Даже я куда бы ни шла, встречала
её счастьем пахнущие глаза.
Не ходите, девки, на улицу гулять,
шагают там солдаты, не будем им мешать.
Шагают там солдаты великой той войны,
маршируют строем солдаты-ты-ты — сны.
Песни фронтовые с гордостью поют.
Не засел где немец? Стой, гадина, убьют!
Прошлое катилось страшным колесом.
— Вы куда, ребятки? «Видишь, стяг несём,
знамя боевое, награды, ордена».
— Нет войны уж больше. «Э, ты не права!
Загляни-ка, дочка, в страны и края:
там сплошные взрывы, агитфронт, борьба!
Запад на Россию хищником глядит,
он кому заплатит — тот под ним лежит».
— Ой, всегда так было и в ваши времена!
Не ходите, девки, вовсе никуда,
рисуйте, вышивайте. Мимо чтоб прошла
вся на свете гадость, продажные умы,
пули и снаряды, солдаты-ты-ты — сны!
Собралась на фронт я: слегла, лежу, болит.
Что-то мне на свете расхотелось жить.
Потеряла, люди, веру я в покой.
Зачем — сама не знаю, но хочу в тот строй!

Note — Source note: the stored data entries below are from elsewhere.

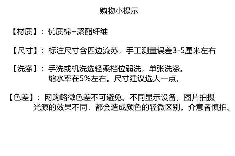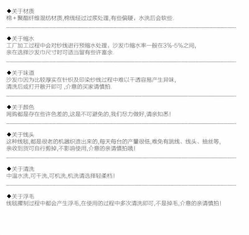| Size | 90*90cm small square towel,90*150cm only covers the seat cushion,90*180cm only covers the seat cushion,90*210cm only covers the seat cushion,90*240cm can be used as bed towel,180*130cm small single full cover,180*180cm tiger chair full cover,180*230cm small double full cover,180*260cm double or imperial concubine full cover,180*300cm three-person full cover,180*340cm large three-person full cover,180*380cm four persons full cover |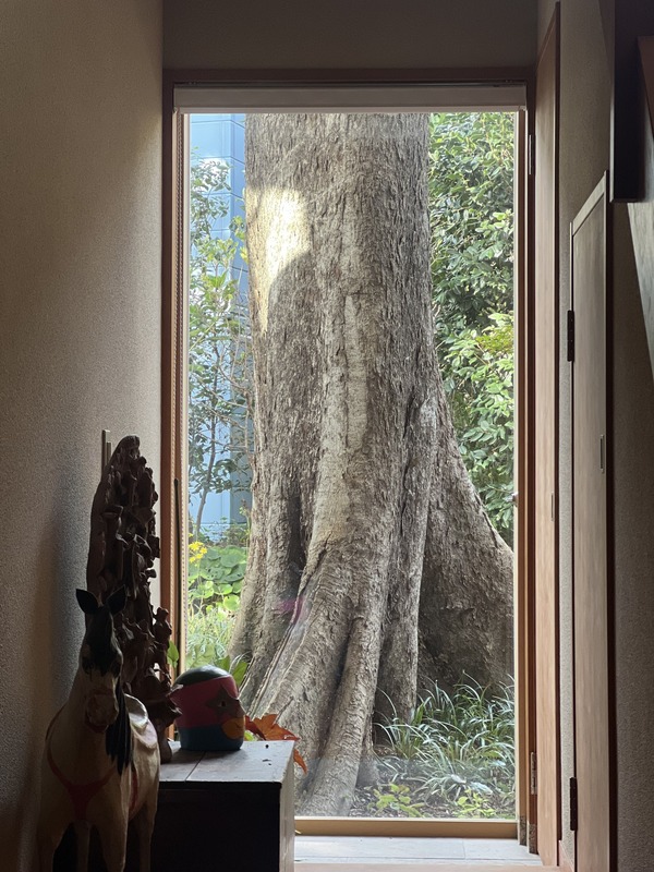 階段横はお庭に出るための勝手口あり、そこから大木の幹が見えます。
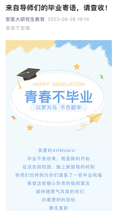 导师毕业赠言,导学思政润物无声。毕业离校是研究生思想政治教育的重要环节,也是思政课教学的延伸载体。学校有效利用研究生离校这一重要时间节点,进一步丰富导学互动平台,助力构建良好导学关系,传扬教学相长、师生相宜的良好导学关系典范。邀请老中青三代研究生导师代表拍摄毕业寄语视频在毕业典礼上播出,一句句亲切的叮咛、一句句美好的祝福,鼓舞着毕业生坚守守护健康、守护生命的医者使命。看完毕业典礼暖场视频后,在场的研究生们都热烈鼓起掌。“导师们的美好祝愿是我们在校的‘最后一课’,却是人生的重要一课。这堂课形式新颖、内容丰富,是对我们的温馨提示,更是对我们走好前行之路的鞭策。我们将牢记母校和导师们的谆谆教诲,走好人生路。”一位研究生毕业生这样说道。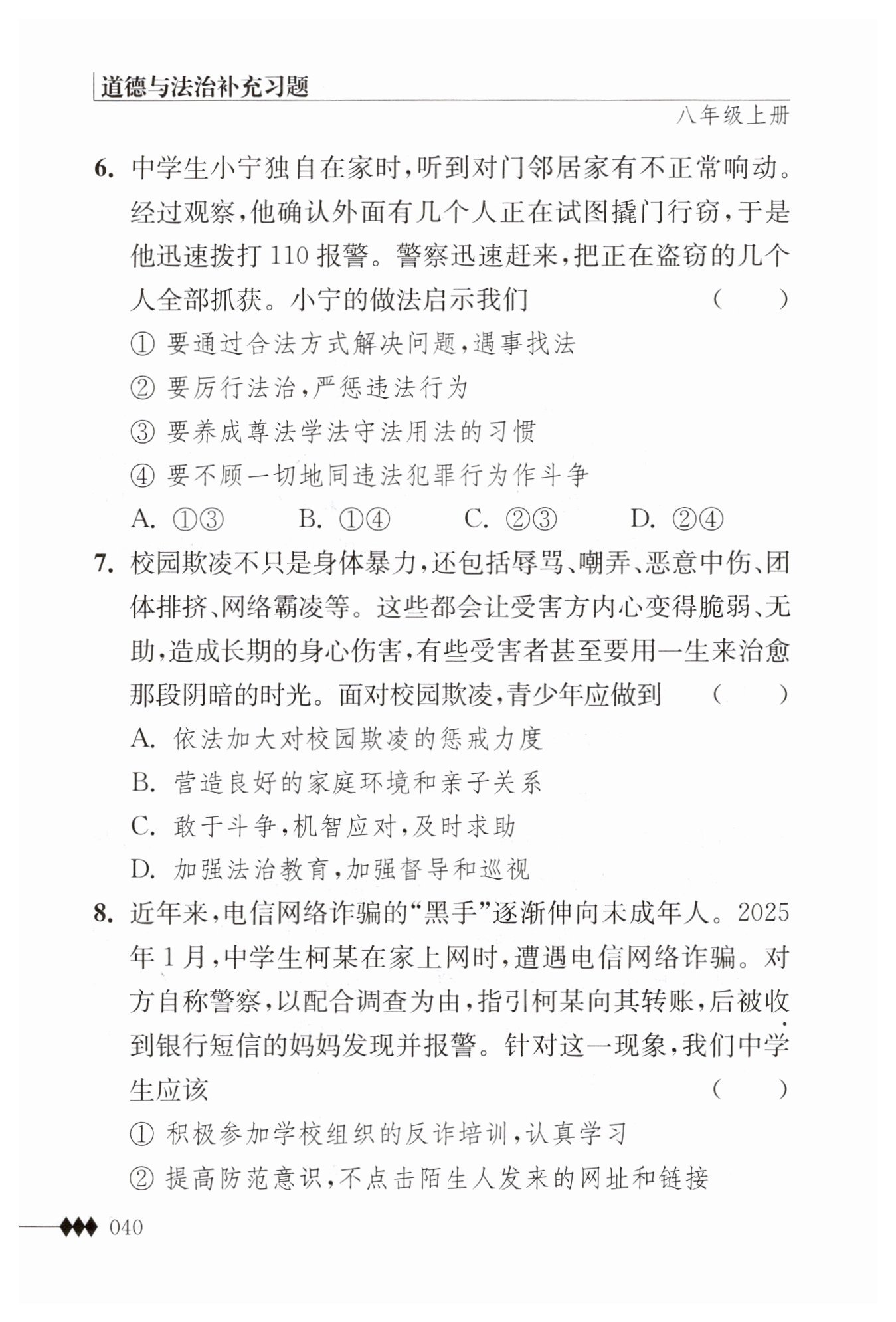 ④“要不顧一切地同違法犯罪行為作斗爭”:這個選項雖然表現(xiàn)出了一種勇敢的態(tài)度,但“不顧一切”可能會帶來不必要的風(fēng)險,尤其是對于中學(xué)生來說,他們更應(yīng)該學(xué)會在保護自己的前提下與違法犯罪行為作斗爭。

Какой ценой даётся Победа?
Нет ответа на это,
Нет, и не будет ответа,
потому что Победа
за ценой никогда не стоит.
И когда уже враг разбит,
не считают потери,
а открывают двери
для нового счастья!
Красьте глаза, не красьте
слезами и собственной кровью,
но впереди только море
всеобщего чуда!
Нет, мы победы считать не будем,
не сумеем их счесть и не надо,
вам последняя будет наградой.
А мы уйдём в неизвестность,
в безызвестность, безвестность.
Вы нас не узнали?
Мы в глаза вам смотрели и знали:
вы нас не узнаете,
вы нас навсегда провожаете.
Но мы, уходя, не уходим:
а средь вас всё бродим и бродим.
Призраки мы или люди —
мы это и сами забудем.
Зло никогда не встанет
под пули и на крыло,
его небо чуть-чуть поманит
и бросит — всем нам назло!
Теперь разгребай былое,
раскладывай гниль по кускам:
они никого не целуют
и не улыбаются нам.
Просто кому-то хотелось
вернуть всё вспять, всё назад,
так было, так есть и будет:
за отрядом шагает отряд.
И хоть кричи в это небо,
плачь, да хоть выплачь глаза!
Зло идёт, накрывает пледом.
Слышишь его голоса?
Голоса почти что пустые,
мёртвые голоса,
как пули свистят холостые.
Я собралась да в бой пошла!
На Бессмертные полки
понавесили замки:
замок «вечности»,
замок «человечности»,
замок «поднебесья»,
замок «неизвестный».
На них без слёз смотреть никак,
потому что не пустяк
эти бравые полки,
им сегодня не с руки
воевать: на рать пешком.
По крупицам соберём
светлу память о дедах.
На замыленных сердцах
понаделаем проколов.
Будем думать: от уколов
расхворалася душа.
Вот я встала и пошла,
но дойдя до перекрёстка
развернулась и домой:
— Где ты, дед мой?
— Первый бой
не осилил я, дочурка.
Как там жинка, как печурка?
— Жены нет, печура сдохла:
на ветру стояла, ссохлась.
Фотокарточка твоя
до правнуков не дошла:
моя хатушка сгорела,
спасти снимки не успела.
Вот в Бессмертных тех полках
и не стоять тебе, дед наш,
потому что на полки
понавесили замки:
замок «вечности»,
замок «человечности»,
замок «поднебесья»,
а ты — неизвестный.
В декабре что-то плохо леталось.
Над нами пехота смеялась:
— Ой, не падают ваши бомбы,
на головы
фашистских солдат!
Бурча, отмахивался лётный отряд.
Вот так с укороченным счастьем
мы как-то и жили.
Лишнего? Нет, не пили
и даже много не ели.
Любить? Не успели.
Мы сбитые самолёты считали,
и махая крылами,
лётные накручивали часы.
— Инопланетяне, а вы?
— Да летаем мы на своей планете!
— А на Земле немцы эти.
— У нас все проще: порочный круг,
и от края до края слух
о том, что зло побеждает!
— Неправда! Ведь мы то знаем:
не будет войн скоро в мире,
сдохнут фрицы и вас помирим!
Ты, дружок, курева сверху ни скинешь,
Может, и спички подкинешь?
Что, огня нам давать боитесь?
А знаете, небо клубится
не от тех, кто летает,
а от тех, которые заседают
и подписывают акты о нападении.
И морд таких: один-два, то есть немерено!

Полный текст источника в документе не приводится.